There’s a common misconception that Latin people like conflict because they’re loud when they speak. Yes, Latin people are expressive, but most Latin American countries are on the conflict-avoidant side of the cultural scale. They have a culture of simpatía, which emphasizes maintaining harmonious relationships and expressive displays of graciousness, hospitality, and personal harmony.

Like Latin Americans, I make a ton of eye contact, express positive emotions easily, and love to talk. But unlike Latin Americans, I like people to shut up when an important task is at hand (this is common with European Americans—particularly Protestants4). I’m also quite blunt and love heated conflict with intelligent, open-minded people.

And that was my role in ending the friendship.

Friend: Hi Nolan. I don’t appreciate you asking me to pitch in 24 hours after I got home.
Me: YOU DON’T APPRECIATE IT? I DON’T FUCKING APPRECIATE IT! You can send me bills down to a cent when you pay, but I can’t even ask you to pitch in when I pay? Just like the only beer you ever offered me, you’re a Sneaky fucking Weasel!
Balderdash Beer | Sneaky Weasel Craft Lager | Vancouver BC
Friend: We see it differently.

I assumed we had a strong enough friendship to yell at each other, grumble for a day, and then hug it out—like my family does.

I was wrong.

He also has a nomadic soul and lived on three continents as a child, making him residentially mobile. As mentioned earlier, high residential mobility can cause conditional loyalty, and high relational mobility can cause people to view relationships as phases.

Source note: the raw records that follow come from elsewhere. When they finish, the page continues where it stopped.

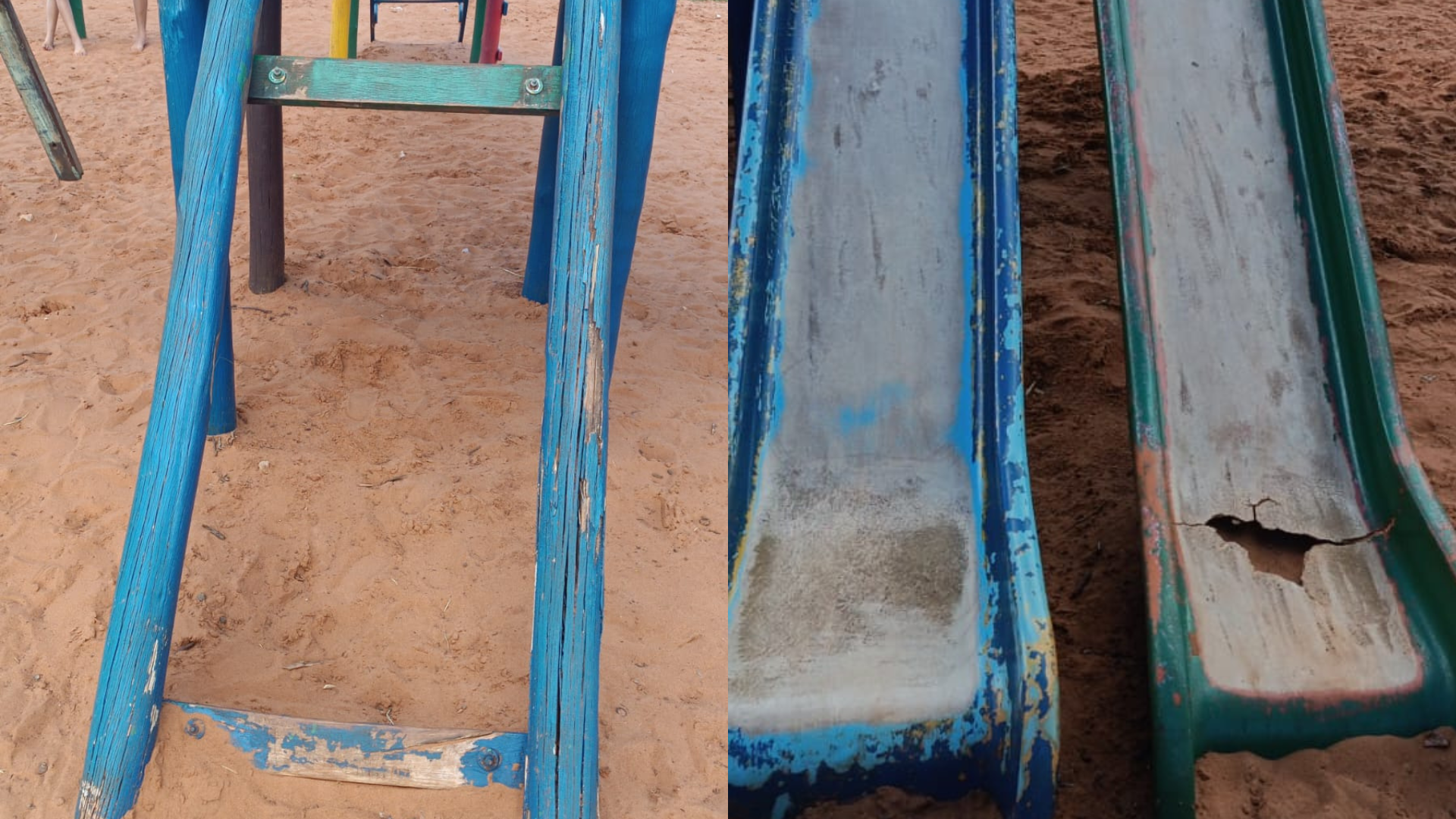 “As crianças não conseguem escorregar porque o acrílico do brinquedo está quebrado. As escadas também estão danificadas. Se houvesse manutenção adequada, isso não aconteceria. Está tudo muito perigoso”, afirmou a servidora.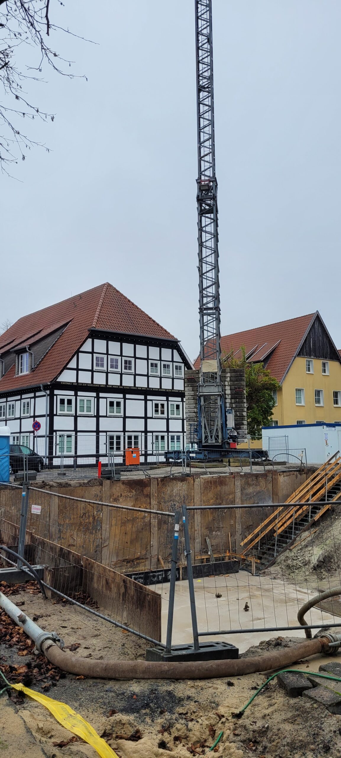 Nachdem die Spundwände zum Schutz der Nachbargrundstücke gesetzt sind, kann es dann an den Abriss des alten Kellers gehen.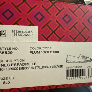 Brand New in Box – Tory Burch Ines Espadrille (Style 85529) Plum/Gold Size 8.5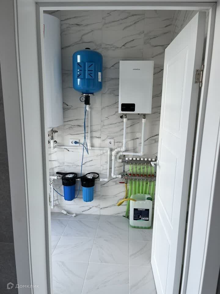Планировка: 3 спальни площадью 10.5 м.кв.,12.07 м.кв. и 16.92 м.кв. Два санузла, котельная, кухня гостиная, прихожая. Отопление теплый водяной пол по всей жилой площади с полусухой стяжкой. Станция биологической очистки. Скважина. Внутри отделка стен гипсокартон и обои с покраской. На полу везде керамогранит кроме спален,в них ламинат 33 класса. Стены в санузлах и котельной керамогранит, плюс вся сантехника в санузлах.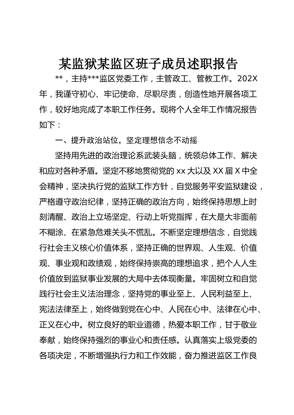 某監(jiān)獄某監(jiān)區(qū)班子成員述職報告**,主持***監(jiān)區(qū)黨委工作,主管政工、管教工作。202X年,我謹守初心、牢記使命、盡職盡責,創(chuàng)造性地開展各項工作,較好地完成了本職工作任務。現(xiàn)將個人全年工作情況報告如下:一、提升政治站位,堅定理想信念不動搖堅持用先進的政治理論系武裝頭腦,統(tǒng)領總體工作、解決和應對各種矛盾。堅定不移地貫徹黨的xx大以及XX屆X中全會精神,堅決執(zhí)行黨的監(jiān)獄工作方針,自覺服務平安監(jiān)獄建設,嚴格遵守政治紀律,堅持正確的政治方向,始終保持思想上時刻清醒、政治上立場堅定、行動上聽黨指揮,在大是大非面前不糊涂、在緊急危難關頭不慌亂。不斷堅定...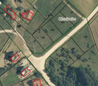 Nieruchomość gruntowa niezabudowana o regularnym kształcie. Działka niezagospodarowana, stanowiąca użytek zielony. Na działce znajdują się pojedyncze nasadzenia drzew i krzewów. W pn-wsch części działki znajduje się nieużytkowy betonowy słup elektroenergetyczny. W pobliżu dostępne sieci: elektroenergetyczna, wodociągowa oraz telekomunikacyjna. Działka posiada bezpośredni dostęp do gminnej drogi wewnętrznej.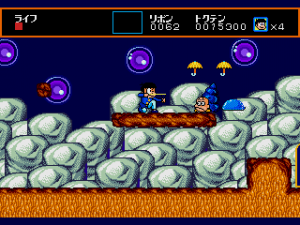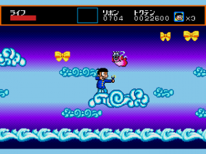 It’s easy to get lost or end up back where you started, but if you’re systematic in your search, you’ll eventually find your way. The layouts are not completely illogical; cliffs and holes in the ground usually lead down to cave areas, while yellow clouds take you up to the sky. Doors, however, can lead you pretty much anywhere. There are also invisible doors leading to bonus areas, but those leading to the main areas are always visible, so it still isn’t quite as difficult to navigate as games like Hi no Tori on the Famicom.

This was true for my mother until recently (since my brother and I left the nest). And this was true for my friend.

I was a phase. Once I made him feel bad, he was no longer obliged to be my friend. And who can blame him? He was primarily raised in a culture with high relational mobility, and I can’t help but be the blunt European and fiery “white Latino.”

However, the places where I was raised didn’t define my relational or residential mobility. I wasn’t born with a “baksteen in zijn maag” like many other Belgians, nor can I view friends as phases like many North Americans. I can’t always close chapters, but I can write them.